**Source data**.
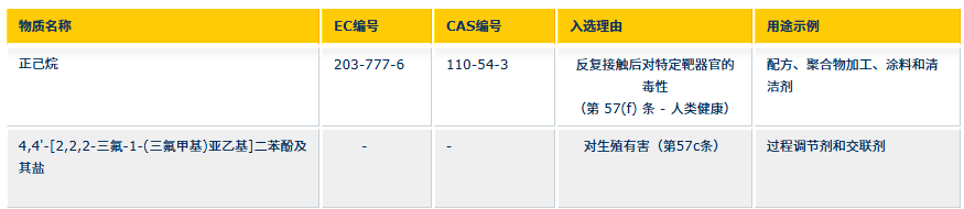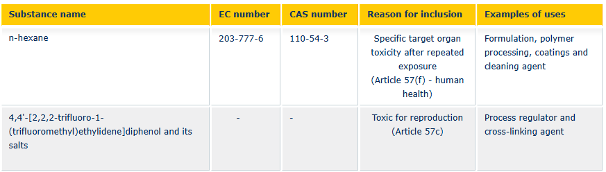 赫尔辛基,2026年2月4日——新增物质包括正己烷和4,4'-[2,2,2-三氟-1-(三氟甲基)亚乙基]二苯酚及其盐类。它们分别用于配方、聚合物加工、涂料、清洁剂以及作为工艺调节剂和交联剂。
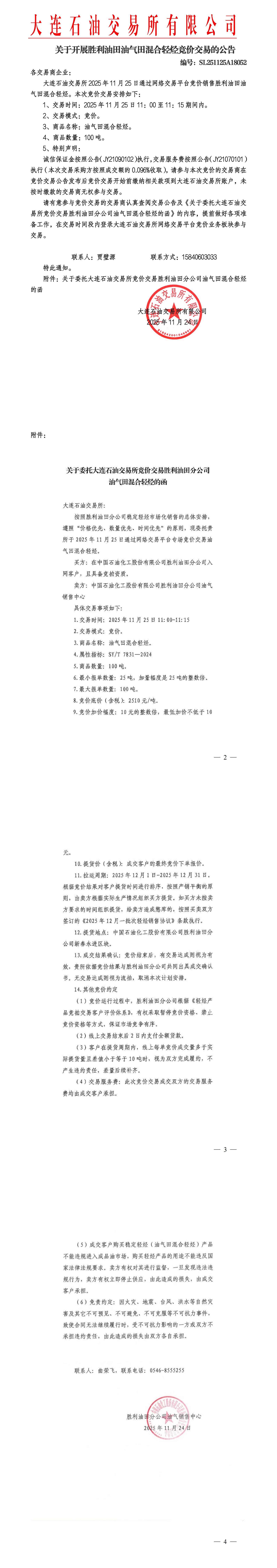 关于开展胜利油田油气田混合轻烃竞价交易的公告(SL251125A18052)
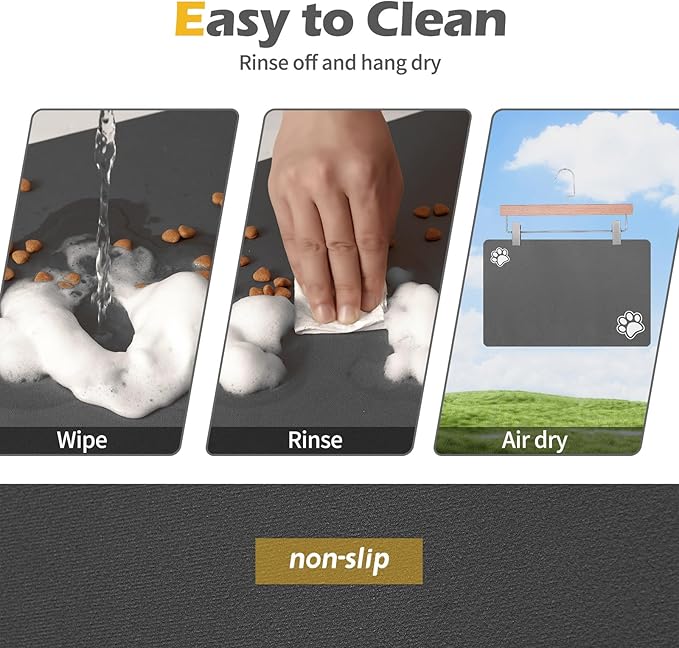 - 【Easy to Clean 】Unlike traditional silicone dog food mats, this easy to care dog mat for food and water does not stain pet hair or dust, nor does it accumulate difficult to clean scale.Simply wipe or rinse to keep it clean. surface will quickly air dry, keeping the dog bowl mat in a new state forever
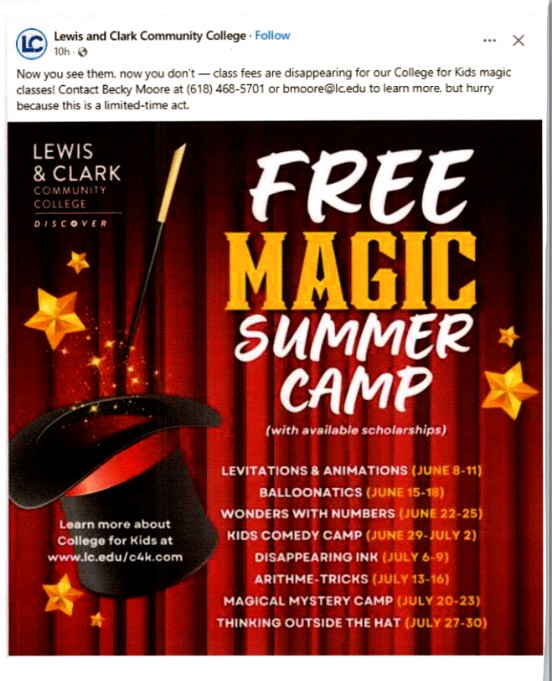 Lewis and Clark Community College – Free Magic Summer Camp NEW
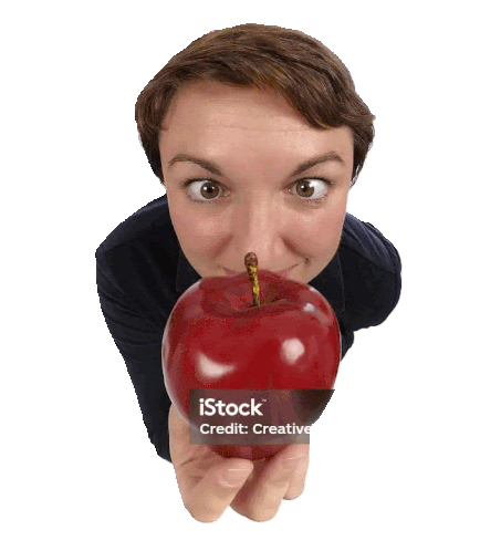 a woman is holding a red apple with a worm sticking out of it in front of her face

**Description of the task**. No pictures should appear in the copy, and each record above is to be returned exactly.

**Output**.
 赫尔辛基,2026年2月4日——新增物质包括正己烷和4,4'-[2,2,2-三氟-1-(三氟甲基)亚乙基]二苯酚及其盐类。它们分别用于配方、聚合物加工、涂料、清洁剂以及作为工艺调节剂和交联剂。
 关于开展胜利油田油气田混合轻烃竞价交易的公告(SL251125A18052)
 - 【Easy to Clean 】Unlike traditional silicone dog food mats, this easy to care dog mat for food and water does not stain pet hair or dust, nor does it accumulate difficult to clean scale.Simply wipe or rinse to keep it clean. surface will quickly air dry, keeping the dog bowl mat in a new state forever
 Lewis and Clark Community College – Free Magic Summer Camp NEW
 a woman is holding a red apple with a worm sticking out of it in front of her face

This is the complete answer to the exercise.